反撃すら叶わない。目に捉えることさえ許さない。そんな殺人剣が怨霊たちを冥府へ叩き帰し、残った残骸は千々と散って消えゆく。
「……さあ、もう大丈夫ですよ」
斬り捨てた同じ手で彼女は子竜を救い上げる。己の剣がこの子を救ったのだ、という実感と共に。
同刻。
「では、終いの時間だな、怨霊姫」
落葉はただ、始末する。もはや己を守るすべもなくなった女を。数多の魂をもてあそび、罪なき子竜さえ殺そうとした業深きオブリビオンを。
「く、はは、ははははァッ! 私をここで倒そうが、すべては無駄なことよ! お主らなぞコルテス殿にもかなう者かッ!」
「さて、試してみぬことにはわからんな。武将であったのは過去の話だが、技量はまだ衰えてはおらぬゆえ」
ただ、一閃。
その一撃が全てを終わらせた。真っ二つに分かたれた怨霊姫は哄笑をあげたまま腹を捌かれ、脚と胴を斬り離される。太陽神を愚弄し儀式を完遂せんと目論んだコルテスが配下の一人は、消滅した。これで、富士噴火の憂き目はまた一歩遠のいただろう。
「ふう……」
ひとまずは終わった、と息をつき、落葉はもうひとりの猟兵へと振り返る。任せた手前、心配はしていないが、可愛らしい竜の安否が確かめたいと思ったからだ。
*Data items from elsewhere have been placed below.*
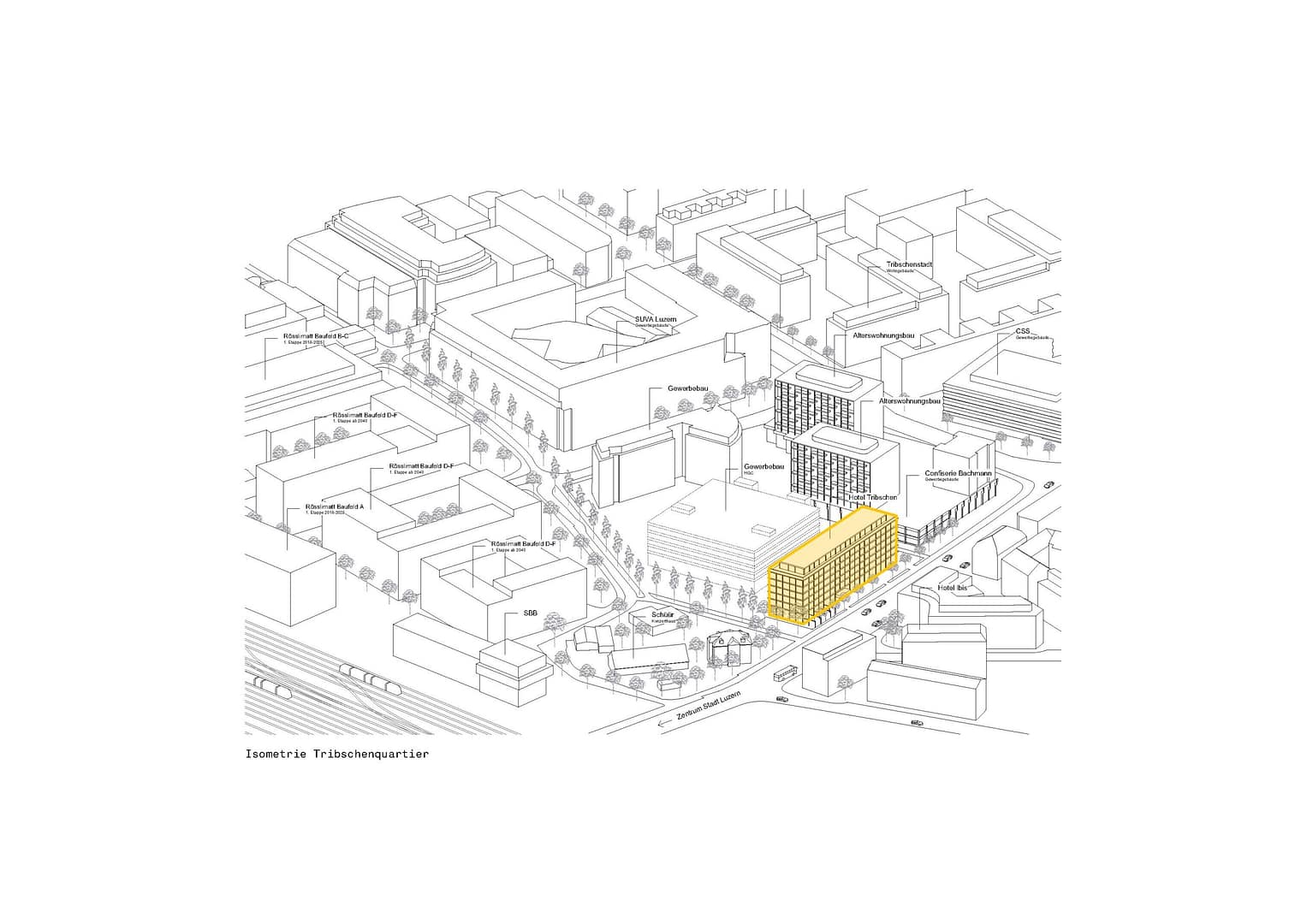 Mit dem neuen Stadthotel entsteht im aufstrebenden Tribschenquartier ein urbanes, auf das Quartier und Luzern abgestimmtes Stadthotel. Das Quartier erhält ein tolles, sichtbares Eingangs-Portal am Übergang von der Langensandbrücke zum Tribschenquartier. Das Stadthotel wird auch den Quartierbewohnenden offenstehen. Zur Verfügung stehen eine öffentliche Bar im Erdgeschoss sowie belebte Begegnungszonen mit Arbeits-, Sitzungs- und Verweilmöglichkeiten. Das Hotel ersetzt einen unattraktiven und sanierungsbedürftigen grauen Bürobau aus dem Jahr 1975. Es hält sich bezüglich Höhe und Tiefe an die Dimensionen des heutigen Gebäudes.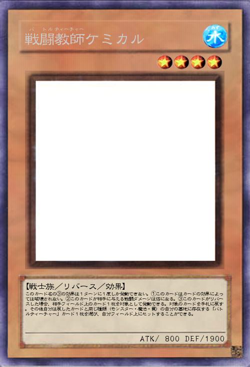 | このカード名の③の効果は1ターンに1度しか発動できない。①このカードはカードの効果によっては破壊されない。②このカードが相手に与える戦闘ダメージは倍になる。③このカードがリバースした場合、相手フィールド上のカード1枚を対象として発動できる。対象のカードを手札に戻す。その後自分は戻したカードと同じ種類(モンスター・魔法・罠)の自分の墓地に存在する「バトルティーチャー」カード1枚を選び、自分フィールド上にセットすることができる。 | |||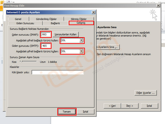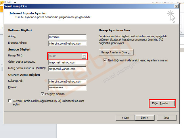 Office Outlook 2010'a Yahoo E-posta Hesabı Imap Mail Kurulumu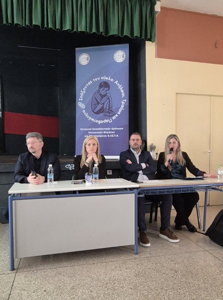 Ως ομιλητές συμμετείχαν η Πρόεδρος της Επιτροπής, Σοφία Βαγενά, ο ποινικολόγος – εγκληματολόγος Παναγιώτης Παπαϊωάννου, καθώς και η ψυχολόγος Ράνια Γεωργιάδου.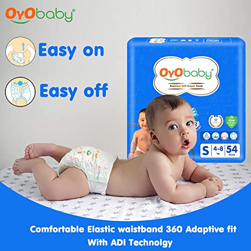 HomeBabyDiaperingBaby DiapersOYO BABY Pant Style Baby Diapers, Pack of 2 - Small (S), 54Count, for Babies 4-8kg, with Aloe Vera Lotion for Rash Protection & Up to 12 Hours Protection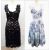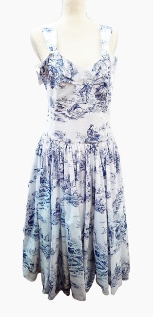 A black laser cut cocktail dress with a 1950's style toile de jouy sundress in blue printed on white (2)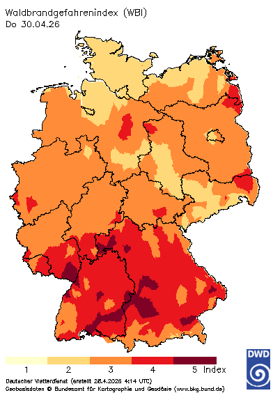 Bis Stufe fünf von fünf – das wird am kommenden Donnerstag zur Waldbrandgefahr für die Region Wasserburg – siehe Grafik – vorausgesagt vom Deutschen Wetterdienst. Seit Wochen ist es viel zu trocken. Deshalb der Appell, im Wald oder in einer Entfernung von weniger als 100 Metern davon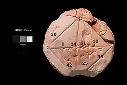 - David Gilman Romano, Athletics and Mathematics in Archaic Corinth: The Origins of the Greek Stadion, American Philosophical Society, 1993, p. 78. "A group of mathematical clay tablets from the Old Babylonian Period, excavated at Susa in 1936, and published by E.M. Bruins in 1950, provide the information that the Babylonian approximation of 3+1⁄8 or 3.125." E. M. Bruins, Quelques textes mathématiques de la Mission de Suse, 1950. E. M. Bruins and M. Rutten, Textes mathématiques de Suse, Mémoires de la Mission archéologique en Iran vol. XXXIV (1961). See also Beckmann, Petr (1971). A History of Pi. New York: St. Martin's Press. pp. 12, 21–22. "in 1936, a tablet was excavated some 200 miles from Babylon. [...] The mentioned tablet, whose translation was partially published only in 1950, [...] states that the ratio of the perimeter of a regular hexagon to the circumference of the circumscribed circle equals a number which in modern notation is given by 57/60 + 36/(60)2 [i.e. π = 3/0.96 = 25/8]". Jason Dyer, On the Ancient Babylonian Value for Pi, 3 December 2008.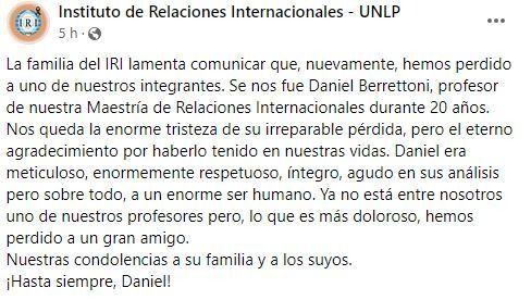 La familia del Instituto de Relaciones Internacionales de la UNLP (IRI) lo despidió a través de sus redes sociales. “Hemos perdido a uno de nuestros integrantes. Se nos fue Daniel Berrettoni, profesor de nuestra Maestría de Relaciones Internacionales durante 20 años. Nos queda la enorme tristeza de su irreparable pérdida, pero el eterno agradecimiento por haberlo tenido en nuestras vidas. Daniel era meticuloso, enormemente respetuoso, íntegro, agudo en sus análisis pero sobre todo, a un enorme ser humano. Ya no está entre nosotros uno de nuestros profesores pero, lo que es más doloroso, hemos perdido a un gran amigo”, expresaron.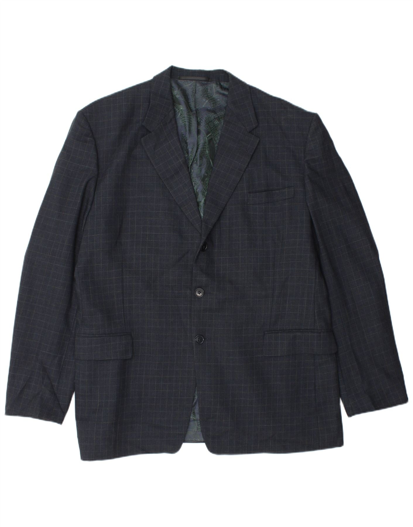 Paul Smith Herren-Blazer mit 3 Knöpfen, UK 40, große marineblaue Gingham-Wolle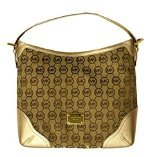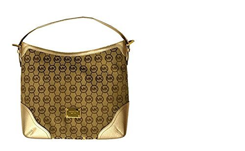 -. Title : Michael Kors MK Signature Millbrook Large Shoulder Bag Handbag in Beige/Ebony/Gold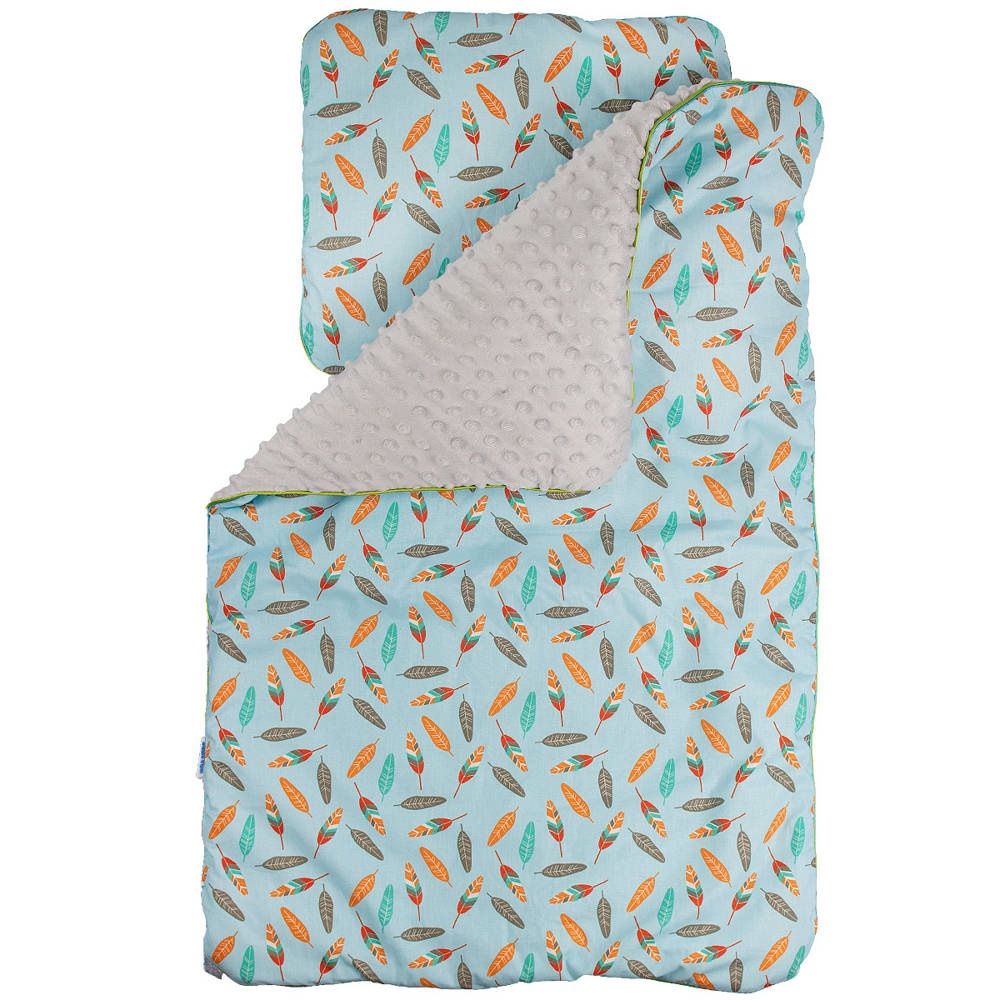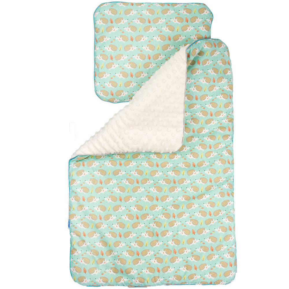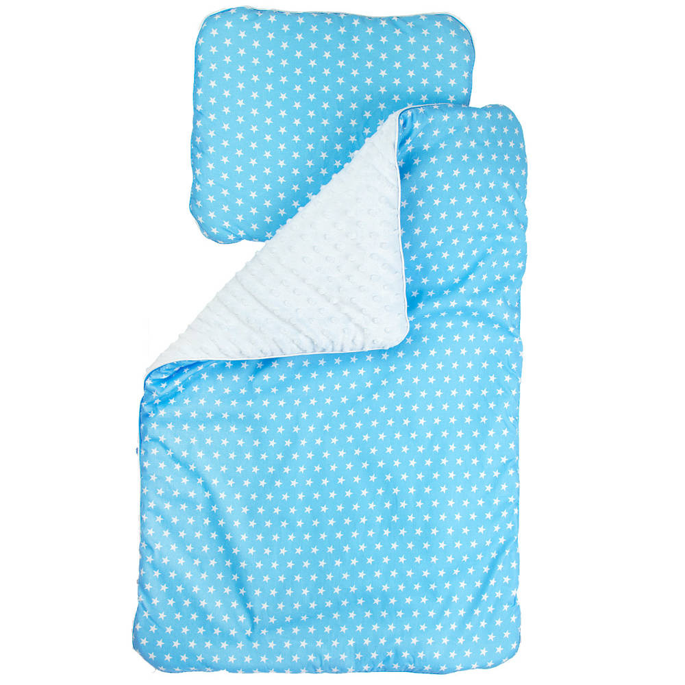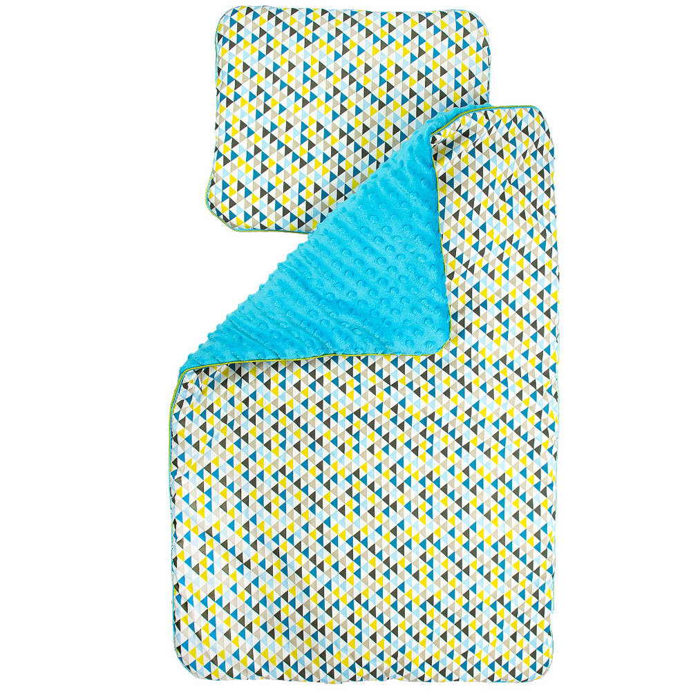 Kolorowy, ocieplany kocyk z minky połączony z kolorową 100% bawełną. Wypełniony jest antyalergiczną włókniną. Komplet ten doskonale sprawdzi się do wózka. Prać można w 30 st. nie wolno suszyć w suszarkach bębnowych, prasować tylko po stronie bawełny. Kocyk ma wymiary 50/75cm Gramatura minky to 350g. Poduszka o wymiarach 30/35 cm wypełniona antyalergiczną włókniną.

「おつかれさまです。この子はなんとか、無事そうですよ」
霧華の腕の中で小さく丸くなる子竜。竜には見えない臆病さだが、あの狂ったオブリビオンに殺されかけたのだ。それも致し方ないか、と落葉は懐を探った。
「おにぎりがあるのだが、食べるか?」
差し出されたおにぎりに子竜は興味を持つ。ふんふんと嗅いだあと小さくかじりついた子竜を見て、自然と二人の顔はほころぶのだった。